FINRA Rule 6490 – Extra Hurdles For Reverse Merger Issuers

FINRA Rule, 6490, lately enacted in September 2010, requires issuers of equities and debt securities not listed on exchanges to offer well timed discover to FINRA of sure company actions. These company actions embrace identify adjustments, ahead inventory splits, reverse inventory splits, distributions of money or securities similar to dividends, inventory splits and different actions, and rights and subscription choices. The brand new rule codifies rule 10b-17 of the Securities Trade Act. The brand new rule will impression each SEC reporting and non-reporting issuers in the event that they enact company adjustments together with issuers who go public direct and conduct underwritten or direct public choices and people who pursue reverse mergers with public shells. Complying with this standards is commonly an sudden authorized and compliance price for a lot of issuers not acquainted with the rule. Failure to conform may result in suspension of providers from Depository Belief Firm (“DTC”) leading to a world lock or DTC chill.

Finra Evaluation

Rule 6490 requires issuers to finish and file a doc with FINRA at the very least 10 enterprise days previous to the document date of the company motion. FINRA approval should be obtained previous to the company motion turning into efficient. As well as, FINRA could request further paperwork, conduct detailed and selective critiques of the issuer submissions and trigger the issuer to delay the announcement of its company motion.

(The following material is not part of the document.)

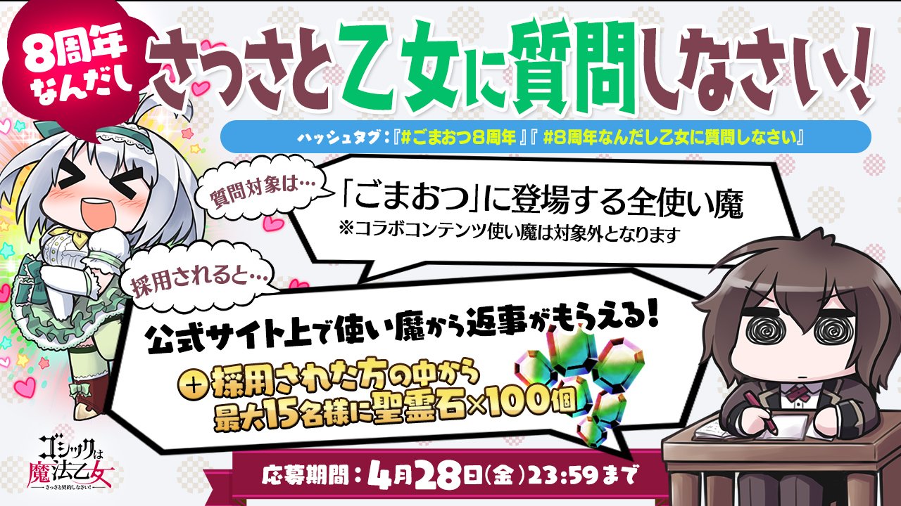 2023/4/1(土)で8周年を迎える『ゴシックは魔法乙女』の記念企画として、Twitter上で使い魔に対する質問を大募集いたします!

A FINRA evaluate will likely be triggered if any of the 5 components set forth in Rule 6490 are regarded as current:

• FINRA believes the kinds are incomplete, inaccurate or filed with out the suitable company authority;

• The issuer will not be present in its reporting obligations with the Securities and Trade Fee;

• Individuals concerned in or associated to the company motion are the topic of pending or settled regulatory motion or are below investigation by a regulatory physique or are the topic of a pending felony motion associated to fraud or securities regulation violations;

• Individuals associated to the company motion are doubtless concerned in fraudulent actions involving securities or could pose a risk to traders;

• There’s important uncertainty within the settlement and clearance course of for the issuer’s securities.

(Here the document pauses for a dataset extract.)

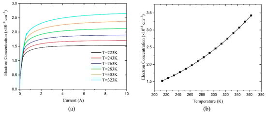 The carrier concentration in the quantum well was clamped over the threshold; however, this clamped state was shifted by the temperature, as shown in Figure 6, which implied a nonlinear relationship between the threshold carrier concentration and temperature. The threshold carrier concentration increased exponentially from 1.60 × 1018 to 2.75 × 1018 cm−3 when the temperature rose from 223 to 323 K.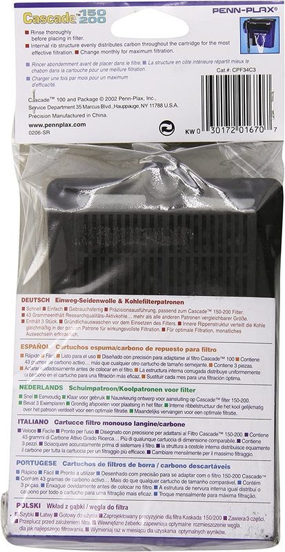 The Penn Plax Cascade 150 or 200 GPH Filter Cartridges with Activated Carbon will improve the quality of your aquarium water and keep your fish healthy. This 3 Pack of Filter Cartridge Replacements is designed to fit both Cascade 150 / 200 GPH hang-on power filters and will last 6 to 12 weeks depending on the conditions of your fish tank. Activated carbon is great for freshwater aquarium filtration. It has the ability to not only visually clear the water; but trap pollutants in the pores of the carbon so they do not enter the water. This filter cartridge will remove ammonia; nitrites; odors and other harmful toxins from your aquarium to keep it healthy. It has a poly-fiber floss barrier which screens out particulate matter and debris for an extra layer of protection. Within 24 hours you will see a drastic difference in the water quality. Each filter cartridge is perfectly measured to fit into the Cascade 150 / 200 Hang On Filter tray without any gaps preventing debris and contaminants from entering back into the water. This filter cartridge is suitable for both freshwater and marine environments. When used together; the Cascade 150 Model CPF3 / 200 Model CPF4 Filters and Cascade filter cartridges provide maximum protection against water pollutants from harming your fish. This is for one package with three replacement cartridges.

Issuers will likely be charged fines for failure to adjust to the foundations. A few of these fines embrace:

• Well timed Rule 10b-17 Notification 10 enterprise days earlier than the Motion – submitting payment $200

• Late submitting, however submitting at the very least 5 calendar days earlier than the Motion – $1,000

• Late submitting, however submitting at the very least 1 enterprise day earlier than the Motion – $2,000

• Submitting on or after the Motion date – $5,000.

After FINRA clearance of company actions below Rule 6490, issuers ought to count on a full evaluate by Depository Belief Firm (“DTC”) and to offer an opinion from their SEC lawyer as to the tradability of shares held in CEDE & Co. It’s throughout this evaluate that many reverse merger issuers discover themselves shedding DTC eligibility and topic to the DTC Chill listing.